# First Project: Lexer

The first project requires you to implement a scanner for the uC language,
specified by [uC BNF Grammar](./doc/uC_Grammar.ipynb) notebook. Study the specification
of uC grammar carefully. To complete this first project, you will use the
[PLY](http://www.dabeaz.com/ply/), a Python version of the
[lex/yacc](http://dinosaur.compilertools.net/) toolset with same functionality
but with a friendlier interface. Please read the complete contents of this section
and carefully complete the steps indicated.

## Regular Expressions

Regular expressions are concise ways of describing a set of strings that meet a given
pattern. For example, we can specify the regular expression:
```python
r'[a-zA-Z_][0-9a-zA-Z_]*'
``` 
to describe valid identifiers in the uC language. Regular expressions are a mini-language
that lets you specify the rules for constructing a string set. This specification
mini-language is very similar between the different programming languages that contain
the concept of regular expressions (also called RE or REGEX). Thus, learning to write
regular expressions in Python will also be useful for describing REs in other programming
languages.

Your first task is to write a set of regular expressions that will be used by the lexical
parser to recognize the following patterns:

In [None]:
# valid uC identifiers
identifier =

In [None]:
# integer constants
int_const = 

In [None]:
# floating constants
float_const =

In [None]:
# Comments in C-Style /* ... */
ccomment = 

In [None]:
# Unterminated C-style comment
uccomment = 

In [None]:
# C++-style comment (//...)
cppcomment = 

In [None]:
# string_literal
string_literal = 

In [None]:
# unmatched_quote
unquote = 

In [None]:
# testing
import re
b = re.match(ccomment, "/***/")
if b:
    pass
else:
    print("Erro.")

## Writing a Lexer
The process of “lexing” is that of taking input text and breaking it down into a stream
of tokens. Each token is like a valid word from the dictionary. Essentially, the role of
the lexer is to simply make sure that the input text consists of valid symbols and tokens
prior to any further processing related to parsing.

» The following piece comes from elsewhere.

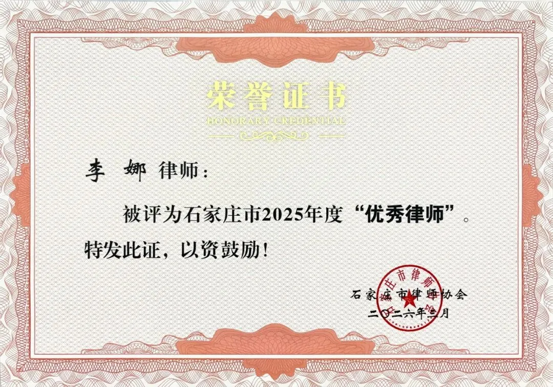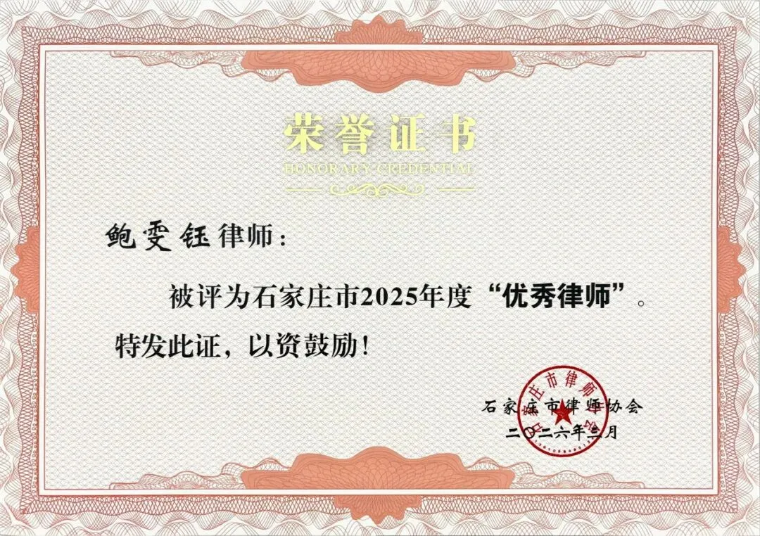 2025年度优秀律师:鲍雯钰、毕强、曹宁芝、邓薇娜、贾克然、李科达、李娜、梁天甫、刘凯、刘青凯、刘岩、孟桥、彭泽东、苏晓静、王冲、王会娟、王晓艳、王英哲、魏瑞彪、叶青、赵媛

Each token is defined by a regular expression. Thus, your task here is to define a set of
regular expressions for the uC language. The actual job of lexing will be handled by PLY.
For a better understanding study the [Lex](http://www.dabeaz.com/ply/ply.html#ply_nn3)
chapter in the PLY documentation.

### Specification
Your lexer must recognize the symbols and tokens of uC Grammar. For instance, in the
example below, the name on the left is the token name, and the value on the right is
the matching text:

Reserved Keywords:
```
    FOR   : 'for'
    IF    : 'if'
    PRINT : 'print'
```

Identifiers:
```
    ID    : any text starting with a letter or '_', followed by any number of letters,
            digits, or underscores, that is not a reserved word.
```

Some Operators and Delimiters:
```
    PLUS    : '+'
    MINUS   : '-'
    TIMES   : '*'
    DIVIDE  : '/'
    ASSIGN  : '='
    SEMI    : ';'
    LPAREN  : '('
    RPAREN  : ')'
```

Literals:
```
    INT_CONST : 123
    FLOAT_CONST : 1.234
    STRING_LITERAL : "Hello World\n"
```

For `INT_CONST` and `FLOAT_CONST`, you should only consider decimal numbers and fixed point numbers respectively.


Comments:  To be ignored by your lexer
```
     //             Skips the rest of the line
     /* ... */      Skips a block (no nesting allowed)
```

Errors: Your lexer must report the following error messages:
```
     lineno: Unterminated string
     lineno: Unterminated comment
```

**IMPORTANT: The uC BNF grammar contains specific rules to add support to pointers (and their adressing) in the language. This part is not compulsory and will not take part in the evaluation but feel free to implement them if you want.**

### Lex Skeleton

In [None]:
import sys
import ply.lex as lex


class UCLexer:
    """A lexer for the uC language. After building it, set the
    input text with input(), and call token() to get new
    tokens.
    """

    def __init__(self, error_func):
        """Create a new Lexer.
        An error function. Will be called with an error
        message, line and column as arguments, in case of
        an error during lexing.
        """
        self.error_func = error_func
        self.filename = ""

        # Keeps track of the last token returned from self.token()
        self.last_token = None

    def build(self, **kwargs):
        """Builds the lexer from the specification. Must be
        called after the lexer object is created.

        This method exists separately, because the PLY
        manual warns against calling lex.lex inside __init__
        """
        self.lexer = lex.lex(object=self, **kwargs)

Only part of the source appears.